_INFORMATION SUPPLIED_:
============

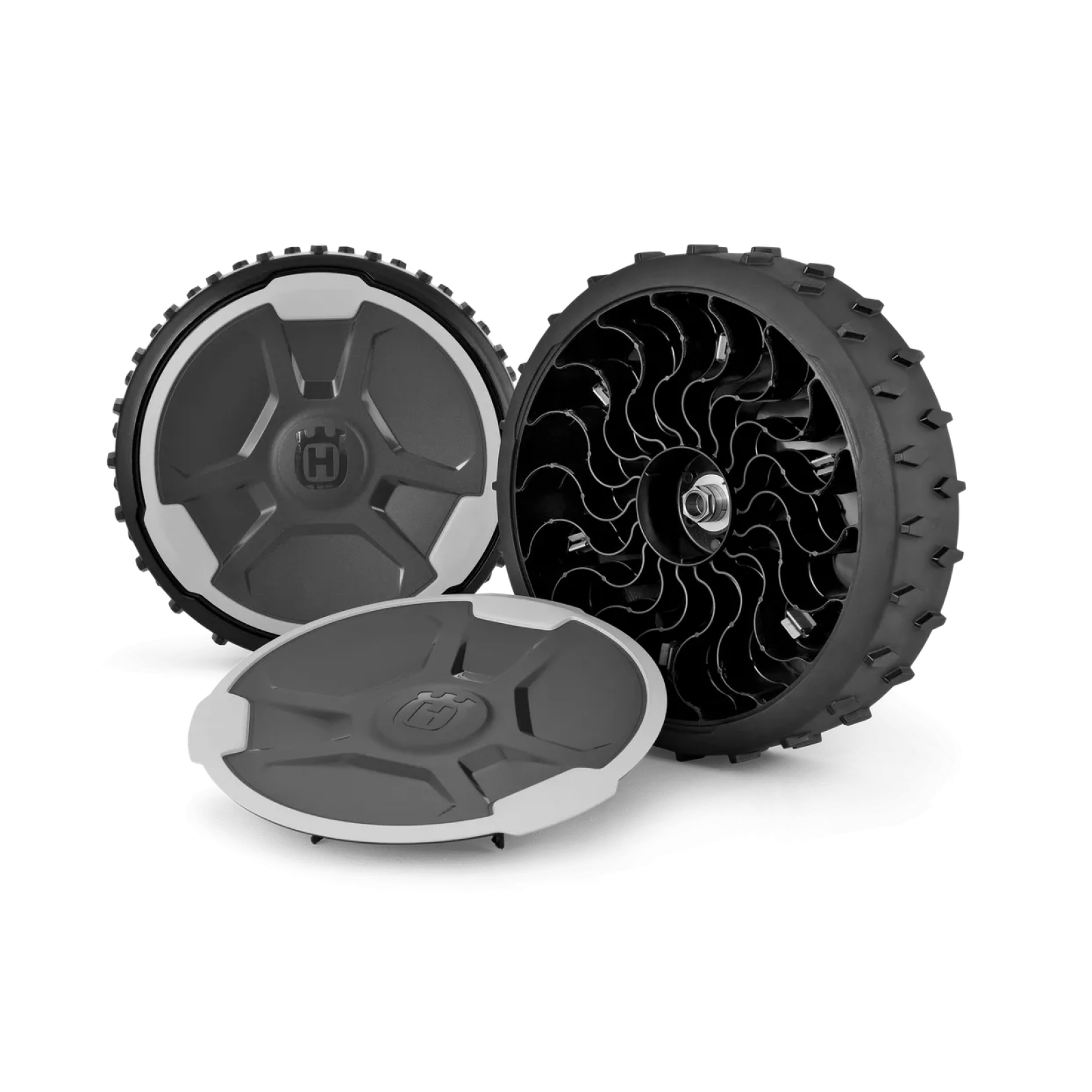 Колёса повышенной проходимости Husqvarna CEORA™ обеспечивают лучшее сцепление на неровных и наклонных участках газона, что позволяет повысить эффективность работы CEORA™. В зависимости от состояния дерна и погодных условий прирост производительности на склонах может составлять около 5%. В комплект входят два рельефных колеса, цанги и колпаки.
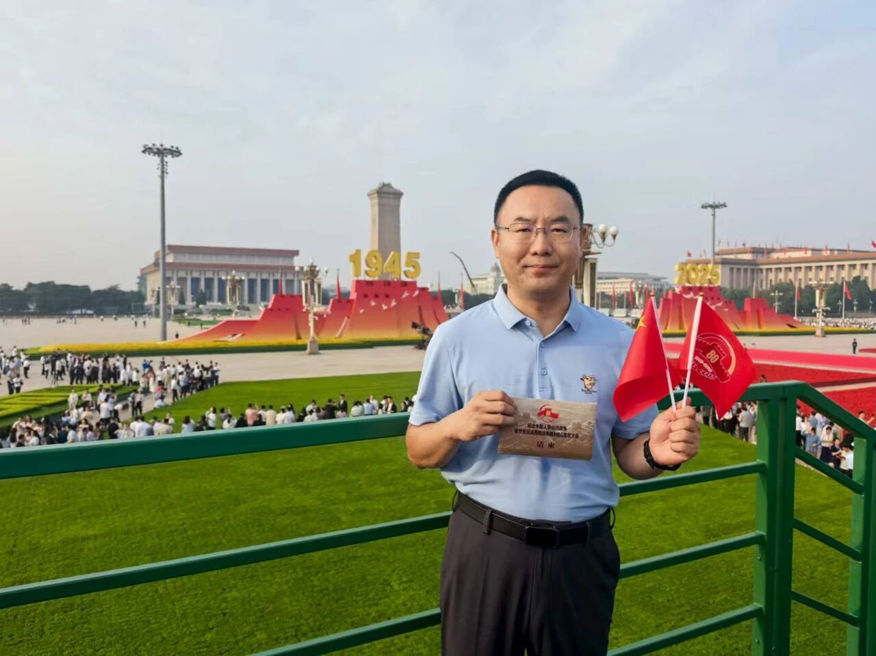 作为检测中心代表现场参加中国人民抗日战争暨世界反法西斯战争胜利80周年纪念活动,我深感荣幸。活动现场,当激昂的《义勇军进行曲》奏响,鲜艳的五星红旗冉冉升起时,心中的爱国之情被瞬间点燃。《没有共产党就没有新中国》《歌唱祖国》等激昂旋律使在场的每位观众都无比振奋,既为祖国的强大倍感自豪,更因身为这个伟大国家的一员而满怀荣光。阅兵仪式中,各梯队依次登场、气势恢宏:徒步方队步伐铿锵、尽显昂扬斗志;战旗方队猎猎飘扬、传承红色功勋;装备方队硬核亮相,以自主创新成果彰显大国底蕴;空中梯队呼啸而过,用先进战力展现国防实力跃升,每一幕都让人热血沸腾。此次阅兵,既是为纪念抗战伟大胜利,弘扬伟大抗战精神,更是为铭记历史、缅怀先烈、珍爱和平、开创未来。
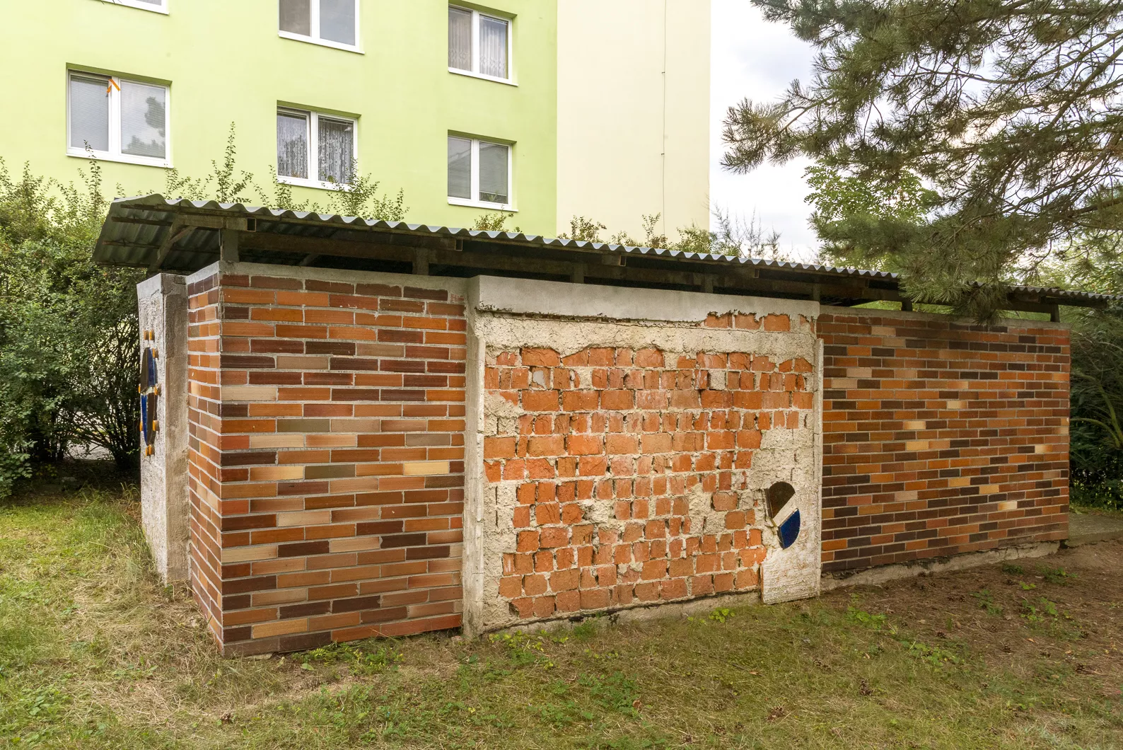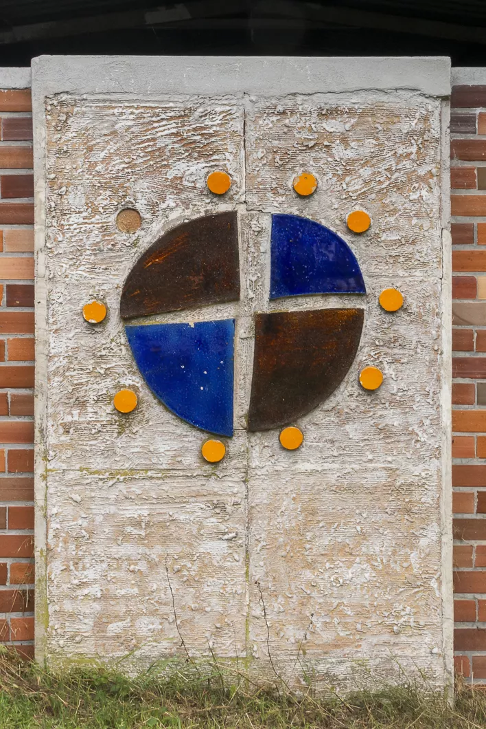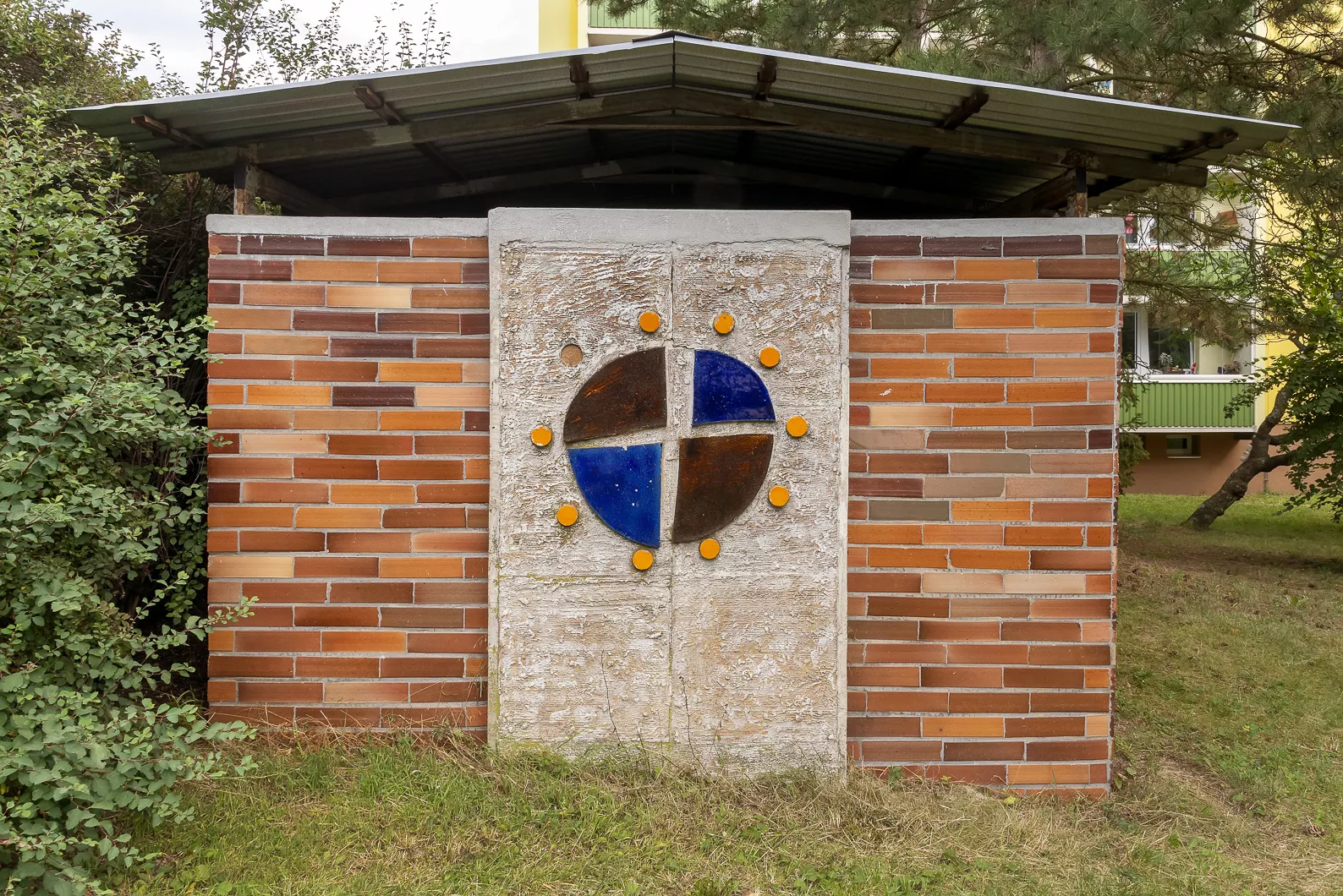 Stěna zděného přístřešku na popelnice, glazovaný keramický reliéf, polovina 70. let, 160 × 100 cm

============

_WORK TO BE COMPLETED_: Starting with the line that contains "作为检测中心代表现场参加中国", reproduce every line to the end of the material above, both end lines included, exactly and with no pictures.

_TASK OUTPUT_:
 作为检测中心代表现场参加中国人民抗日战争暨世界反法西斯战争胜利80周年纪念活动,我深感荣幸。活动现场,当激昂的《义勇军进行曲》奏响,鲜艳的五星红旗冉冉升起时,心中的爱国之情被瞬间点燃。《没有共产党就没有新中国》《歌唱祖国》等激昂旋律使在场的每位观众都无比振奋,既为祖国的强大倍感自豪,更因身为这个伟大国家的一员而满怀荣光。阅兵仪式中,各梯队依次登场、气势恢宏:徒步方队步伐铿锵、尽显昂扬斗志;战旗方队猎猎飘扬、传承红色功勋;装备方队硬核亮相,以自主创新成果彰显大国底蕴;空中梯队呼啸而过,用先进战力展现国防实力跃升,每一幕都让人热血沸腾。此次阅兵,既是为纪念抗战伟大胜利,弘扬伟大抗战精神,更是为铭记历史、缅怀先烈、珍爱和平、开创未来。
 Stěna zděného přístřešku na popelnice, glazovaný keramický reliéf, polovina 70. let, 160 × 100 cm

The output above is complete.